In case you want to test, here are 3 events that match the criteria for each expected sourcetype
Feb 13 12:14:57 192.168.x.x outbound/smtp: 127.0.0.1 1487013294-09b08c0e0d22d7b0001-vy5CMk 0 0 SEND - 1 0112918C8063 250 2.6.0 <2050829162.21743.1487013293752.JavaMail@dc1prjasszap434.whc> [InternalId=91736206477550, Hostname=host.prod.outlook.com] 11518 bytes in 0.192, 58.365 KB/sec Queued mail for delivery #to#name-com.mail.protection.outlook.com[8.8.8.8]:25
Feb 13 12:14:56 192.168.x.x scan: mail2-3.place.com[8.8.8.8] 1487013294-09b08c0e0d22d7b0001-vy5CMk 1487013294 1487013296 SCAN - prvs=7217d0fa1f=services_noreply@place.com name@otherplace.com - 7 88 corporate SZ:3263 SUBJ:Message: Attempt to retrieve your User ID
Feb 13 12:14:15 192.168.x.x inbound/pass1: name.place1.com[8.8.8.8] 1487013254-09b08c0e0e22d7a0001-VY5SBA 1487013254 1487013255 RECV information=place2.com@thing.com name@thingy1.com 2 3 blacklist.org[8.8.8.8]
I am sure that you read this:
http://docs.splunk.com/Documentation/Splunk/6.5.2/Data/Advancedsourcetypeoverrides
Your configurations look fine so:
Have you restarted splunkd on every indexer that is receiving these events?
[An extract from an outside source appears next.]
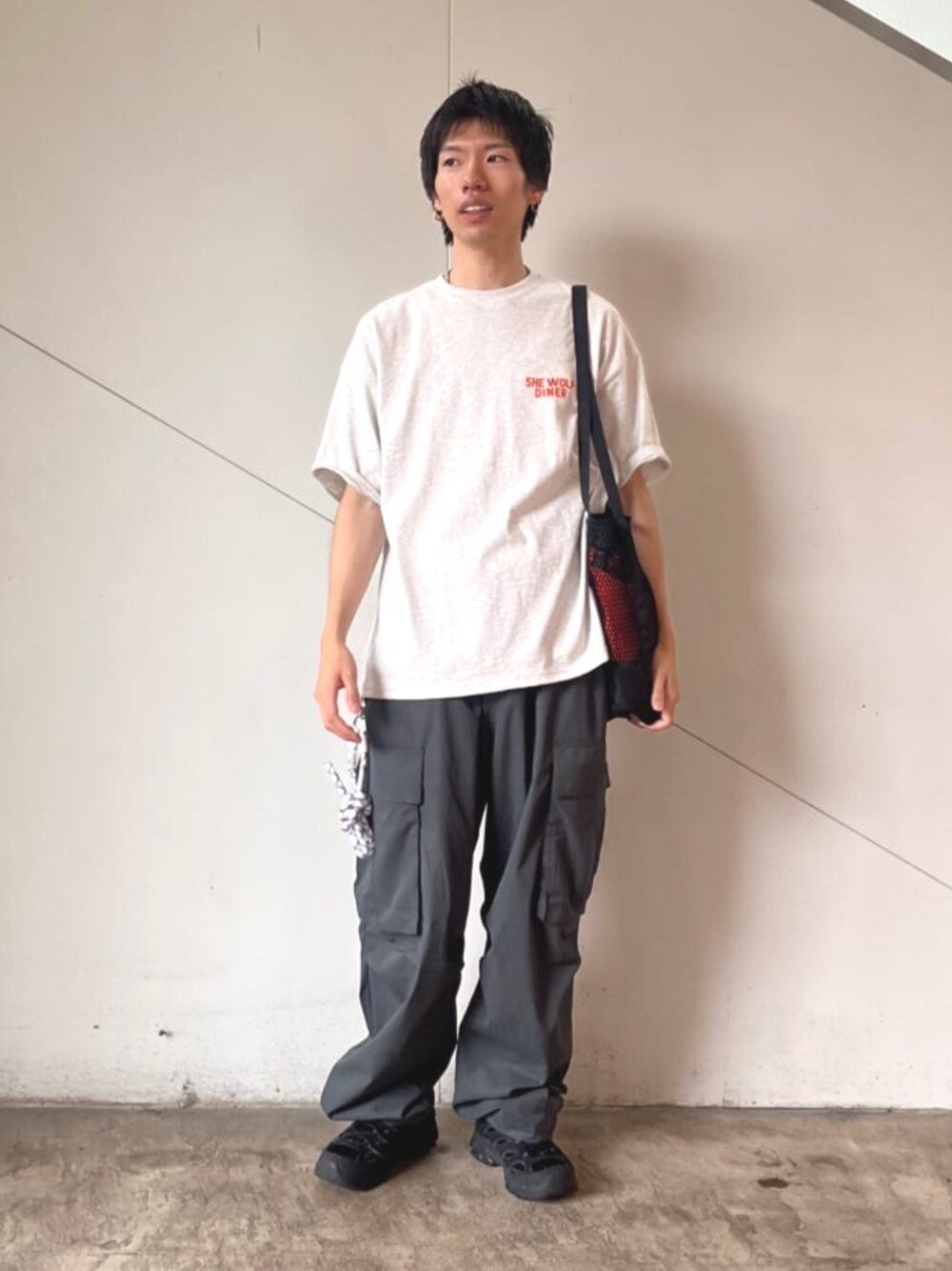 FREAK'S STORE HEAD OFFICE MEN(FREAK'S STORE OFFICIAL)のTシャツ/カットソー「限定展開 SHE WOLF DINER×FREAK'S STORE/シーウルフダイナー 別注 ビッグシルエット バックプリントTシャツ/WOLF」を使ったコーディネート

Have you sent NEW events to the indexers (Indexed data is IMMUTABLE; only NEW events, post restart, will have the new configurations applied; previously indexed events will not be changed)?
Sorry I missed this response, I did take your steps, when initially setting up, restarting splunkd, ingesting new data and all, but still no luck. I'm kind of at a loss haha, I may at this point submit a support ticket to splunk.
I tried the responses on similar questions, but they don't seem to be working.
I'm setting up a universal forwarder to see if I need to do this there first.